Что же до моих контактов с Советским Союзом, то с августа 1960-го по сентябрь 1972-го, как было сказано, я не приезжал в СССР. Французские власти мне не рекомендовали, хотя был момент, когда, наоборот, предложили пост атташе по культуре в Москве. Но мой друг Франсуа де Лианкур, с которым я подружился в первый московский приезд (он служил в нашем МИДе), отговорил меня. И был прав.

В 1972-м я получил приглашение от Академии наук и номер в академической гостинице на Октябрьской площади. С тех пор бывал в России почти каждый год. Но деталей, как ни странно, почти не помню: это едва ли не самый серый период в истории России. Конечно, были исключения. Я имел счастье общаться с Игорем Виноградовым – прекрасным литературным критиком и религиозным философом – в его уютной старой квартире на улице Рылеева, ныне снова Гагаринский переулок. С Серёжей Юрским – они с Игорем были ближайшими друзьями и соседями. С Николаем Харджиевым – писателем, историком литературы и искусства, коллекционером, среди прочего обладателем сотен работ Малевича, самым скандальным образом у него впоследствии похищенных – при переезде в Голландию. Он показывал мне рисунки и картины из своей коллекции, которые хранил под кроватью, книжки футуристов, изданные в количестве десяти экземпляров… Визиты к Харджиеву, равно как к другому великому коллекционеру Костаки, показывали, что в СССР существуют самые настоящие неофициальные коллекции мирового уровня. Квартирка Харджиева недалеко от метро “Кропоткинская” напоминала пещеру Али-Бабы. Не внешне, – внешне всё было аккуратно, – но по сути. Общаться с Николаем Ивановичем было нелегко, но очень интересно. Он был чрезвычайно чётким, редкий пример русского человека, который всё делает точно.
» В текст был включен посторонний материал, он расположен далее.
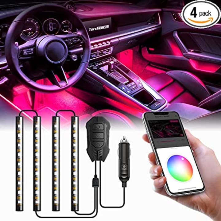 If you want to add some excitement and personality to your car's interior, you should consider the Torchbeam Interior LED Light for Car. These lights have an exclusive velocity mode that makes them brighter according to your speed. They also have a smart app that lets you set your color and mode when not driving, and a control box that lets you adjust them with one press when driving. You can choose from 16 million colors in the app and customize your own style. The lights also sync with the music beats and create a vibrant and dynamic atmosphere in your car. The lights are easy to install with durable tapes that can withstand high temperature and clips that can fix the cable neatly.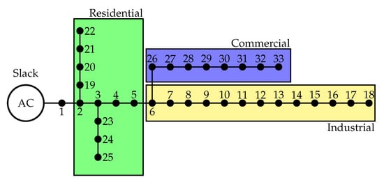 Grid configuration for the IEEE 33-bus system, with different shaded areas representing different types of load.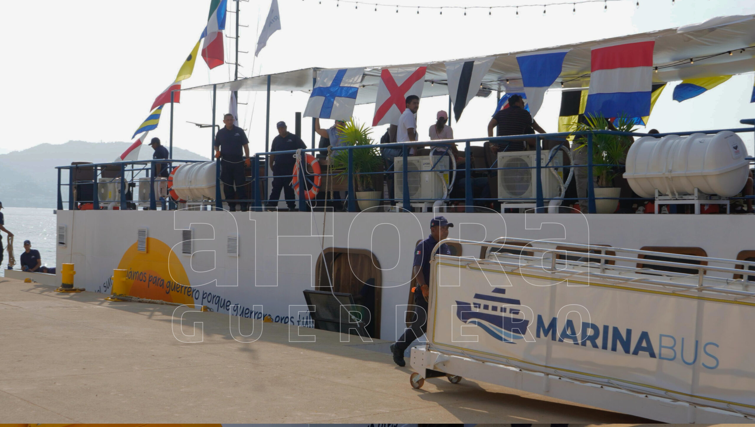 Acapulco, Gro., 1 de noviembre de 2025.— El “Marinabús” suspendió su inicio de actividades tras no poder concretar su primer recorrido turístico a Puerto Marqués, debido a que habitantes de ese poblado mantienen un bloqueo en el muelle público como medida de protesta contra el gobierno federal.

Русский немец.

И тем не менее с каждым годом приезжать в СССР хотелось всё меньше. Я помню, как оказался в Токио на одной конференции и выбирал, возвращаться через Гонконг, где я ещё не был, или через брежневскую Москву. Я всё-таки отказался от Гонконга, пристыдив самого себя: ты же славист, как ты можешь отказаться от ещё одной возможности посетить Россию. Но с таким трудом, с такими колебаниями…

Вспоминался рассказ кого-то из русских классиков о двух мальчиках, немецком и русском:

– А у нас бедно, но зато интересно.

– А у вас богато, но зато скучно.

Было ощущение, что в СССР и бедно, и неинтересно.

При этом Польша, как всегда, хитрила. Для меня, француза, было удивительно наблюдать за тем, как идущие строем по Варшаве или Кракову солдаты Польской народной армии демонстративно останавливаются и крестятся перед любым храмом. Во Франции такое проявление публичной религиозности было немыслимо, в Советском Союзе – тем более. А Польша освобождалась от ига своей соседки России благодаря католицизму. Поэтому – отчасти поэтому – в храмах было очень многолюдно. Я, бывая в Кракове, обязательно заходил в костёл Святой Анны, академический храм Ягеллонского университета. В церковном подвале, между прочим, проходили собрания, конференции, читались доклады, протекала чрезвычайно интенсивная интеллектуальная жизнь.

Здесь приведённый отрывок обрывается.